Please copy every record below exactly and leave out the pictures.

BEGIN

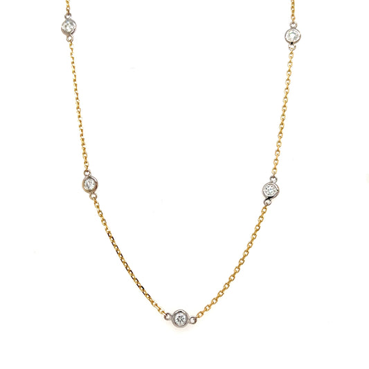 Diamond Station Necklace with 14K White Gold Accents in 14K Yellow Gold
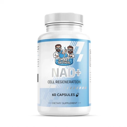 Smart Brothers NAD+ nabízí komplexní podporu pro udržení dlouhověkosti! NAD+ je malá, ale výkonná molekula, která je přítomna v každé buňce vašeho těla. Představte si ji jako palivo pro stovky procesů, které vás udržují ve formě. Z chemického hlediska je to koenzym, který pomáhá přeměňovat potravu na energii, opravuje poškozenou DNA a chrání před škodlivými vnějšími faktory. Bez dostatečného množství NAD+ vaše buňky ztrácejí výkonnost, což se projevuje únavou, pomalejší regenerací a celkovou slabostí. Nyní tomu však můžete úspěšně předcházet a podpořit svůj organismus pomocí doplňku stravy NAD+ od společnosti Smart Brothers!
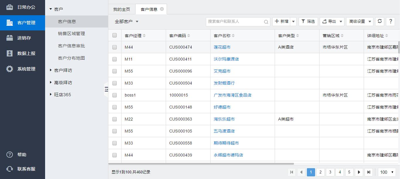 【客户信息管理】用以管理及维护客户信息。该模块提供按照客户名称、助客户类型、区域、客户经理、添加起止时间等检索条件来查询客户信息的检索功能;并提供新增、导入、导出、修改、删除以及日志功能。
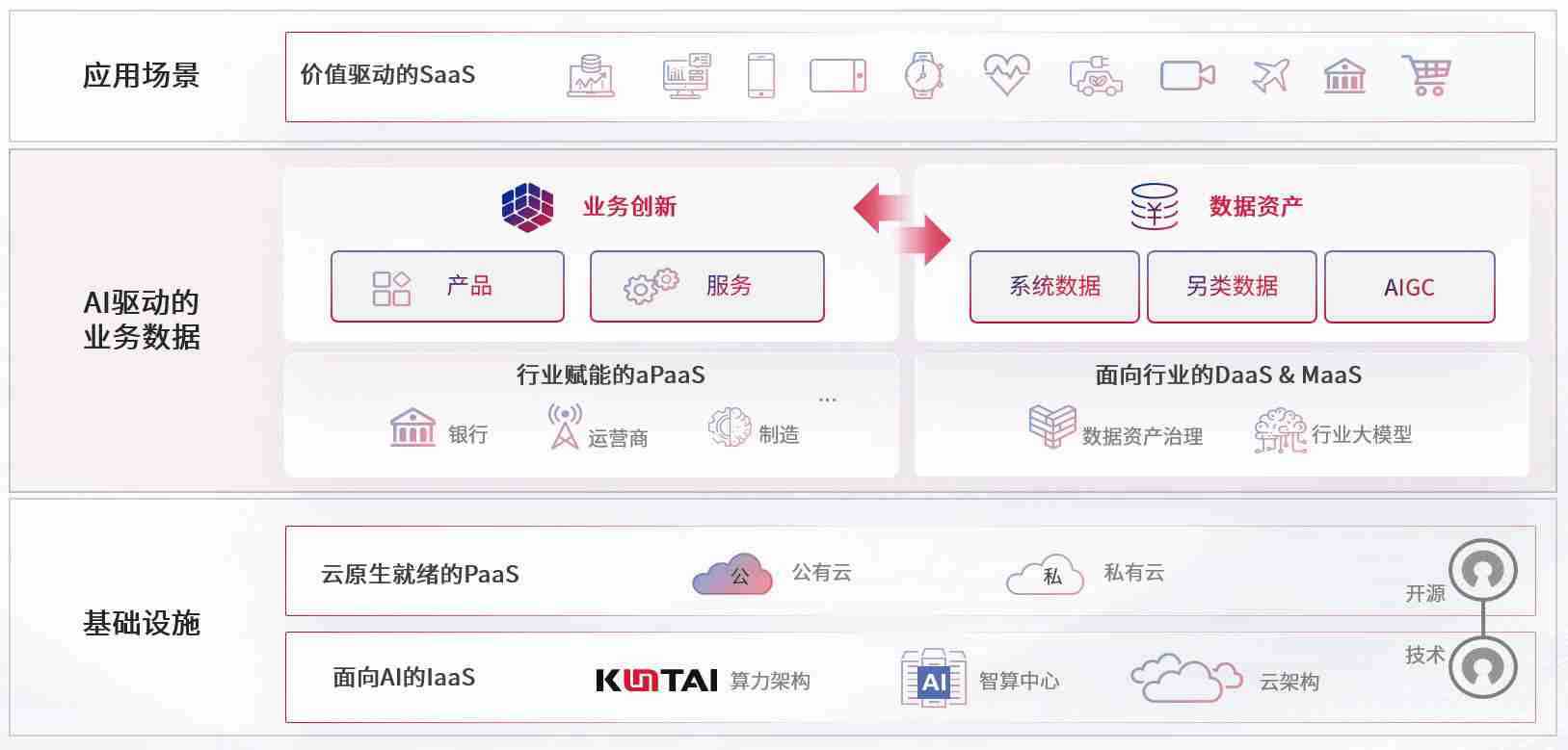 数字时代,,,,围绕企业数字化转型的关键要素,,,,尊龙旗舰厅数码开创性的提出数云融合战略和技术体系框架,,,着力在云原生、、、、数字原生、、、AI原生和信创产业上架构产品和服务能力,,,为处在不同数字化转型阶段的快消零售、、、、汽车、、、、金融、、医疗、、、政企、、教育、、、、运营商等行业客户提供泛在的敏捷IT能力和融合的数据驱动能力,,构建跨界融合创新的数字业务场景和新业务模式,,,助力企业级客户建立面向未来的核心能力和竞争优势,,,全面推动社会的数字化、、智能化转型升级。。
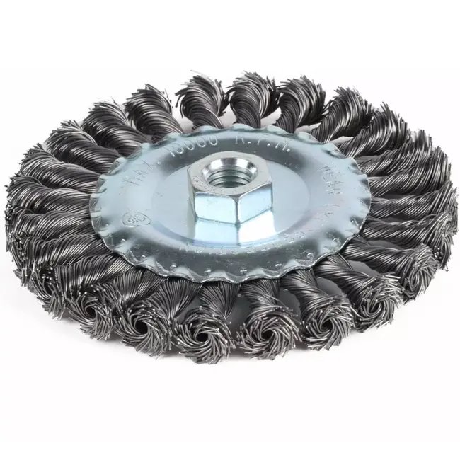 Zoekwoorden: Getordeerde rondborstel, Staal, Benson, M14, 125mm, Lasnaden, Verf, Oxidatie, Geharde draad, Haakse slijper, Borstel.

END

■ SOLUTION FOR THIS TASK:
 Diamond Station Necklace with 14K White Gold Accents in 14K Yellow Gold
 Smart Brothers NAD+ nabízí komplexní podporu pro udržení dlouhověkosti! NAD+ je malá, ale výkonná molekula, která je přítomna v každé buňce vašeho těla. Představte si ji jako palivo pro stovky procesů, které vás udržují ve formě. Z chemického hlediska je to koenzym, který pomáhá přeměňovat potravu na energii, opravuje poškozenou DNA a chrání před škodlivými vnějšími faktory. Bez dostatečného množství NAD+ vaše buňky ztrácejí výkonnost, což se projevuje únavou, pomalejší regenerací a celkovou slabostí. Nyní tomu však můžete úspěšně předcházet a podpořit svůj organismus pomocí doplňku stravy NAD+ od společnosti Smart Brothers!
 【客户信息管理】用以管理及维护客户信息。该模块提供按照客户名称、助客户类型、区域、客户经理、添加起止时间等检索条件来查询客户信息的检索功能;并提供新增、导入、导出、修改、删除以及日志功能。
 数字时代,,,,围绕企业数字化转型的关键要素,,,,尊龙旗舰厅数码开创性的提出数云融合战略和技术体系框架,,,着力在云原生、、、、数字原生、、、AI原生和信创产业上架构产品和服务能力,,,为处在不同数字化转型阶段的快消零售、、、、汽车、、、、金融、、医疗、、、政企、、教育、、、、运营商等行业客户提供泛在的敏捷IT能力和融合的数据驱动能力,,构建跨界融合创新的数字业务场景和新业务模式,,,助力企业级客户建立面向未来的核心能力和竞争优势,,,全面推动社会的数字化、、智能化转型升级。。
 Zoekwoorden: Getordeerde rondborstel, Staal, Benson, M14, 125mm, Lasnaden, Verf, Oxidatie, Geharde draad, Haakse slijper, Borstel.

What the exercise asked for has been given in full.